Leukocytes and decreased left-ventricular contractility during endotoxemia in rabbits.

Abstract

We hypothesized that leukocytes contribute to decreased myocardial contractility following endotoxin infusion. To test this hypothesis, we administered endotoxin (1 mg/kg intravenously) to intact, anesthetized rabbits whose arterial blood perfused two isolated hearts at a constant pressure (75 mm Hg). One heart was perfused with blood passed through a leukocyte filter, whereas the other received unfiltered blood. Contractility of both hearts was measured every 30 min for 6 h, using the slope of the end-systolic pressure-volume relationship (Emax) and the maximum rate of change of intraventricular pressure (dP/dt(max)).
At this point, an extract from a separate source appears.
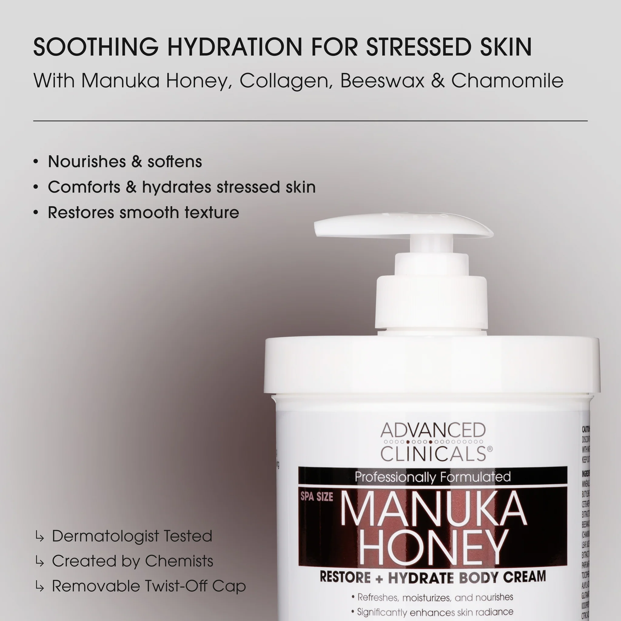 كريم الجسم هذا بخلاصة عسل مانوكا، غني بالكولاجين وشمع العسل وخلاصة البابونج، يغذي ويلطف البشرة شديدة الجفاف والمتضررة، مما يساعد على استعادة نعومتها ومنحها شعورًا بالراحة والانتعاش. يذوب هذا الكريم الغني المخملي على البشرة ليرطبها ويعيد إليها نعومتها.

In the unfiltered hearts at 6 h, Emax decreased to 81 +/- 6% (mean +/- SEM) of baseline (p < 0.05). In the hearts perfused with leukocyte-filtered blood there was no change in Emax. Similarly, dP/dt(max) decreased 74 +/- 9% of baseline in the hearts receiving unfiltered blood (p < 0.05) but did not decrease in the hearts receiving leukocyte-filtered blood. The leukocyte filter significantly reduced the number of neutrophils in perfusing blood (p < 0.01), decreased the number of neutrophils in the heart by 77% (p < 0.01), and decreased myocardial morphometric changes (p < 0.05). A 55 +/- 18% reduction in neutrophil L-selectin expression after endotoxin infusion (p < 0.01) suggests that the neutrophils were significantly activated. We conclude that leukocytes, notably activated neutrophils, may contribute to decreased myocardial contractility during septic shock.